A car with constant tangential acceleration At=0.80m/s2 along a horizontol surface circumscribing a circle of radius R = 40m. The co-efficient of friction between the wheels of the car and the surface is u = 0.20. What distance will the car move without sliding if its initial velocty is zero ?

To determine the distance a car will move without sliding when it has a constant tangential acceleration, we need to consider the forces acting on the car, particularly the frictional force that prevents it from sliding. Let's break this down step by step.

Understanding the Forces at Play

When a car accelerates along a circular path, two main forces are involved: the tangential force due to acceleration and the centripetal force required to keep the car moving in a circle. The frictional force between the tires and the road provides both of these forces.

Frictional Force Calculation

The maximum frictional force that can act on the car is given by:

• F_friction = u * N

Where:

• u is the coefficient of friction (0.20 in this case).
• N is the normal force, which equals the weight of the car (mg) on a horizontal surface.
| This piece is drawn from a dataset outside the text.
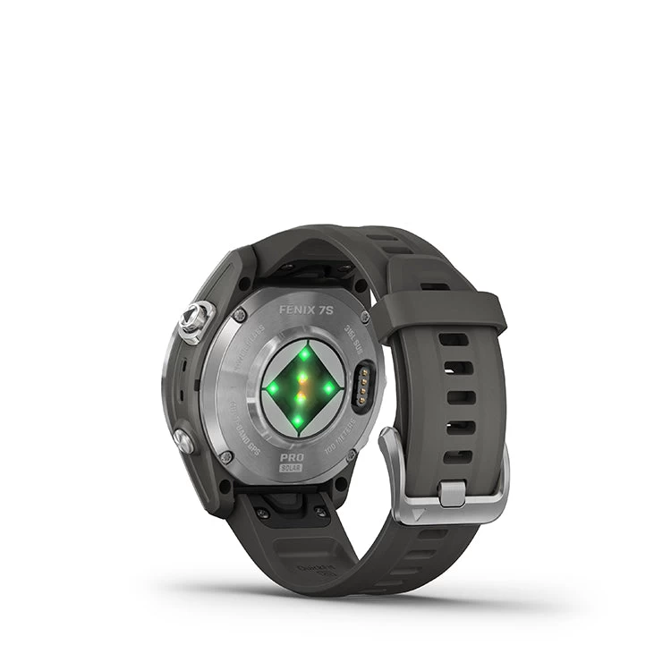 fēnix® 7S Pro Solar is the ultimate multisport GPS smartwatch optimized for smaller wrists and designed to perform all day, every day. Get weeks of battery life with the Power Glass™ solar charging lens. Meet any challenge with advanced training features such as hill score, which measures your climbing performance over time, and real-time stamina updates to gauge your stamina potential. For a more complete picture of your health, training and recovery, tap into 24/7 health and wellness monitoring with advanced sleep tracking, HRV status, Pulse Ox and more (this is not a medical device, and data presented is intended to be a close estimation of metrics tracked; Pulse Ox not available in all countries). When the sun sets, use the LED flashlight to stay visible or find your way. Download TopoActive maps from around the world to keep your explorations on track. Navigate on the slopes with 2,000 preloaded ski resort maps worldwide. Adventure far off the grid with up to 14 days of battery life in smartwatch mode with solar charging in 3 hours of direct sunlight (50,000 lux) per day. Gain superior positioning accuracy while optimizing battery life, thanks to multi-band GPS with SatIQ™ technology.

Assuming the mass of the car is m, the normal force is:

• N = mg

Thus, the maximum frictional force becomes:

• F_friction = u * mg = 0.20 * mg

Centripetal Force Requirement

The centripetal force required to keep the car moving in a circle is given by:

• F_centripetal = (mv^2) / R

Where v is the velocity of the car and R is the radius of the circle (40 m). For the car to move without sliding, the frictional force must be equal to or greater than the centripetal force:

• F_friction ≥ F_centripetal
• 0.20 * mg ≥ (mv^2) / R

We can cancel m from both sides (assuming the mass is not zero):

• 0.20g ≥ v^2 / R

Rearranging gives us:

• v^2 ≤ 0.20gR

Finding the Maximum Velocity

Substituting the values for g (approximately 9.81 m/s²) and R (40 m):

• v^2 ≤ 0.20 * 9.81 * 40
• v^2 ≤ 78.48
• v ≤ √78.48 ≈ 8.85 m/s

Distance Calculation with Constant Acceleration

Now that we have the maximum velocity, we can find out how far the car can travel while accelerating at A_t = 0.80 m/s² until it reaches this velocity. Using the kinematic equation:

• v^2 = u^2 + 2a s

Where:

• v is the final velocity (8.85 m/s),
• u is the initial velocity (0 m/s),
• a is the acceleration (0.80 m/s²),
• s is the distance traveled.

Substituting the known values:

• (8.85)^2 = 0 + 2 * 0.80 * s

This simplifies to:

• 78.22 = 1.6s

Solving for s gives:

• s = 78.22 / 1.6 ≈ 48.89 m

Final Thoughts

The car will move approximately 48.89 meters without sliding before it reaches the maximum velocity allowed by the frictional force. This distance ensures that the car maintains traction while navigating the circular path.